Ali Syed Aman, Sualeh Muhammad, Raza Ghana, Sabeeh Ul Haq Mohammad, Hissan Laiba, Zafar Duaa, Adnan Muhammad, Ali Syed Kauser
Jinnah Sindh Medical University, Karachi, Pakistan.
BMC Pregnancy Childbirth. 2025 Apr 14;25(1):447. doi: 10.1186/s12884-025-07539-7.
Cognitive dysfunction is a significant contributor to mental health complexities during pregnancy, potentially leading to heightened rates of pregnancy-related mortality and inadequate prenatal care. However, limited research has been conducted to explore the relationship between pregnancy and cognitive decline, especially in low-income settings such as Pakistan. Therefore, this study aimed to establish a clear link between cognitive function and pregnancy.
A cross-sectional comparative study was conducted at a tertiary care hospital in Karachi, Pakistan with a sample size of 160 participants, divided into two groups of 83 pregnant (aged 25.63 ± 4.22) and 77 nonpregnant women (aged 27.79 ± 3.89). First, the participants were interviewed to collect demographic information and pregnancy status. Then, the Montreal Cognitive Assessment (MoCA) scale, which evaluates cognitive function across multiple domains, including visuospatial/executive function, naming, attention, language, abstraction, delayed recall, orientation, and memory was used on each group separately. The analysis investigated the relationship between cognitive function and pregnancy, considering the influence of low-income status and gestational age. The statistical analyses included Spearman Rho (for non-normal data), t-tests, and linear regression models. T-tests were used to compare the means of MoCA scores between different groups and to analyze the effect of pregnancy status on the specific domains of MoCA. Multiple linear regression models were employed to examine the relationships between MoCA scores and various predictors, such as pregnancy status, education level, gestational age, and active complaints.

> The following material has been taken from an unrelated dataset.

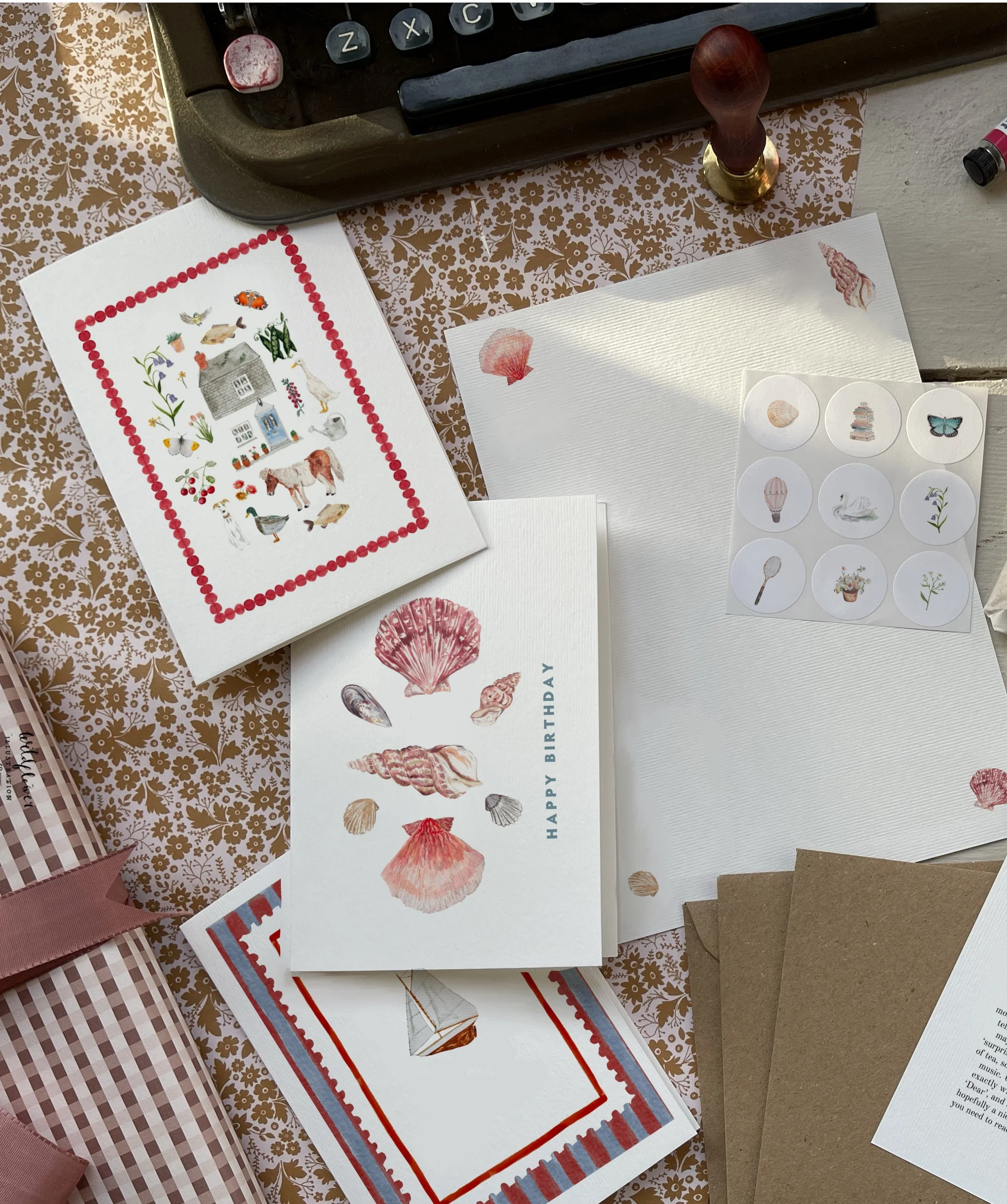 Subscribers receive a monthly curated selection of beautifully illustrated greetings cards and stationery.

The study found a significant difference in MoCA scores between pregnant and nonpregnant women (B=-1.55, t=-2.37, p = 0.019), indicating a decline in cognitive function during pregnancy. Education level (B = 2.34, t = 8.38, p = 0.000) and gestational age (B=-1.61, t=-2.51, p = 0.014) were identified as significant factors influencing cognitive function. Higher education was associated with better cognitive function while increasing gestational age correlated with a decline in cognitive function. In addition, active complaints (B=-1.86, t=-2.25, p = 0.028) during pregnancy were associated with lower MoCA scores.
Our preliminary analyses suggest that there is notable cognitive impairment associated with pregnancy. More attention and research in this aspect can contribute to better prenatal care and promote the well-being of pregnant women.

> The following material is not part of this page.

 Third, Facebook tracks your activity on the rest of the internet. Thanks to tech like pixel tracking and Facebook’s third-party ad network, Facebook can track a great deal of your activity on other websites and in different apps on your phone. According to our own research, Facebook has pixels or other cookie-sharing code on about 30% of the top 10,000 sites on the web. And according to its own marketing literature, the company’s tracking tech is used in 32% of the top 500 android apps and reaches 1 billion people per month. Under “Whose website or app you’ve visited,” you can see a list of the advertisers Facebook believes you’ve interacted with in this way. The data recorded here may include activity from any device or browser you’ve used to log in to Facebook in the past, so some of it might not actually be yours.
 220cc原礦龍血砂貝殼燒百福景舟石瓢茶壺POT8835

认知功能障碍是孕期心理健康问题的一个重要因素,可能导致与妊娠相关的死亡率上升以及产前护理不足。然而,关于妊娠与认知能力下降之间关系的研究有限,尤其是在巴基斯坦这样的低收入地区。因此,本研究旨在明确认知功能与妊娠之间的联系。
在巴基斯坦卡拉奇的一家三级护理医院进行了一项横断面比较研究,样本量为160名参与者,分为两组,83名孕妇(年龄25.63±4.22岁)和77名非孕妇(年龄27.79±3.89岁)。首先,对参与者进行访谈以收集人口统计学信息和妊娠状态。然后,分别对每组使用蒙特利尔认知评估(MoCA)量表,该量表评估多个领域的认知功能,包括视觉空间/执行功能、命名、注意力、语言、抽象思维、延迟回忆、定向和记忆。分析考虑了低收入状态和孕周的影响,研究了认知功能与妊娠之间的关系。统计分析包括Spearman Rho(用于非正态数据)、t检验和线性回归模型。t检验用于比较不同组之间的MoCA分数均值,并分析妊娠状态对MoCA特定领域的影响。采用多元线性回归模型来检验MoCA分数与各种预测因素之间的关系,如妊娠状态、教育水平、孕周和现患主诉。

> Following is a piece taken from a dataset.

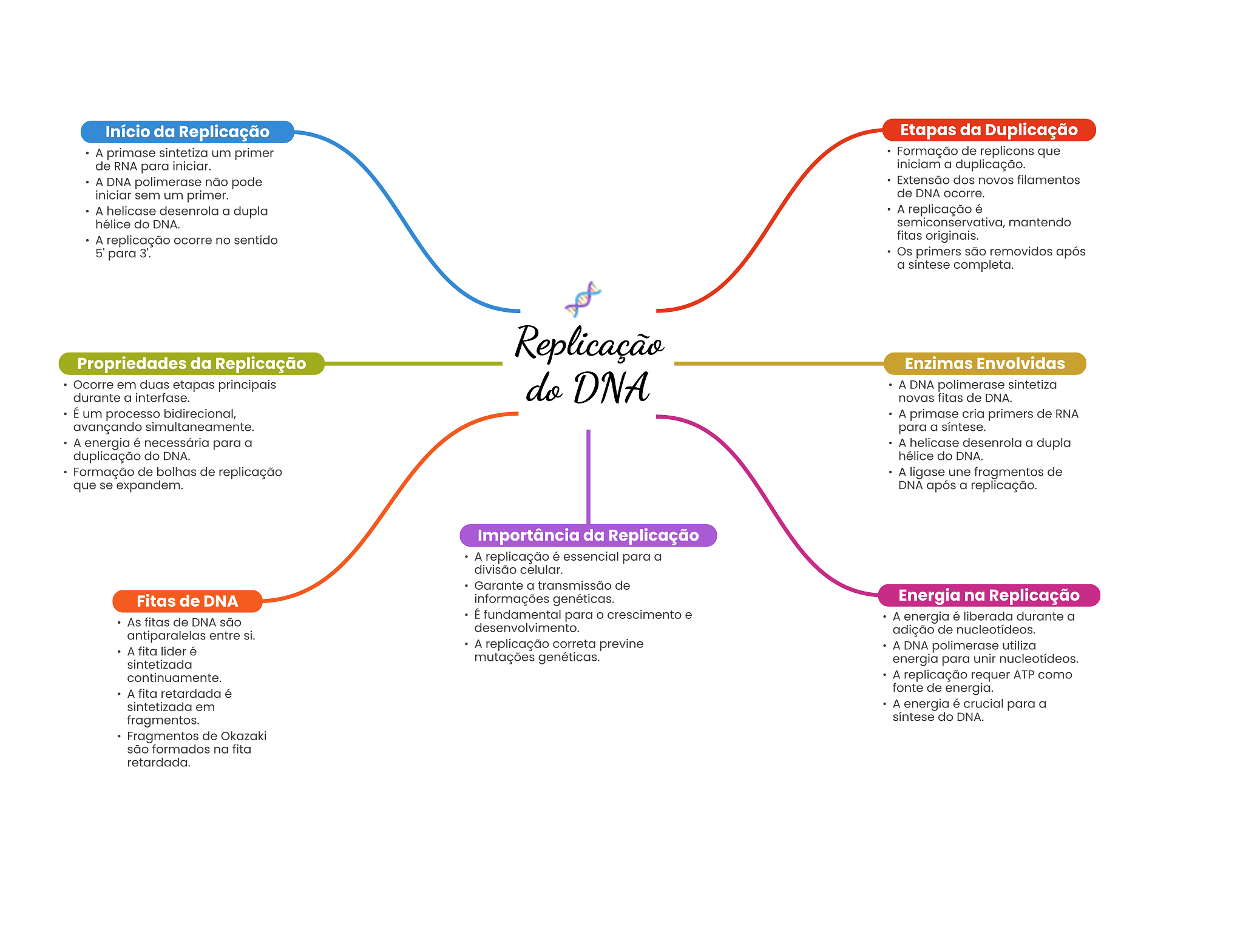 Início da Replicação Etapas da Duplicação A primase sintetiza um primer Formação de replicons que de RNA para iniciar. iniciam a duplicação. A DNA polimerase não pode Extensão dos novos filamentos iniciar sem um primer. de DNA ocorre. A helicase desenrola a dupla A replicação é hélice do DNA. semiconservativa, mantendo A replicação ocorre no sentido fitas originais. 5' para 3'. Os primers são removidos após a síntese completa. Replicação Propriedades da Replicação Enzimas Envolvidas Ocorre em duas etapas principais durante a interfase. do DNA A DNA polimerase sintetiza novas fitas de DNA. É um processo bidirecional, A primase cria primers de RNA avançando simultaneamente. para a síntese. A energia é necessária para a A helicase desenrola a dupla duplicação do DNA. hélice do DNA. Formação de bolhas de replicação A ligase une fragmentos de que se expandem. DNA após a replicação. Importância da Replicação A replicação é essencial para a divisão celular. Garante a transmissão de Fitas de DNA informações genéticas. Energia na Replicação É fundamental para crescimento e As fitas de DNA são A energia é liberada durante a desenvolvimento. antiparalelas entre si. adição de nucleotídeos. A fita líder é A replicação correta previne A DNA polimerase utiliza sintetizada mutações genéticas. energia para unir nucleotídeos. continuamente. A replicação requer ATP como A fita retardada é fonte de energia. sintetizada em A energia é crucial para a fragmentos. síntese do DNA. Fragmentos de Okazaki são formados na fita retardada.

研究发现孕妇和非孕妇的MoCA分数存在显著差异(B=-1.55,t=-2.37,p=0.019),表明孕期认知功能下降。教育水平(B=2.34,t=8.38,p=0.000)和孕周(B=-1.61,t=-2.51,p=0.014)被确定为影响认知功能的重要因素。高等教育与较好的认知功能相关,而孕周增加与认知功能下降相关。此外,孕期的现患主诉(B=-1.86,t=-2.25,p=0.028)与较低的MoCA分数相关。
我们的初步分析表明,妊娠与明显的认知障碍有关。在这方面给予更多关注和研究有助于改善产前护理,促进孕妇的健康。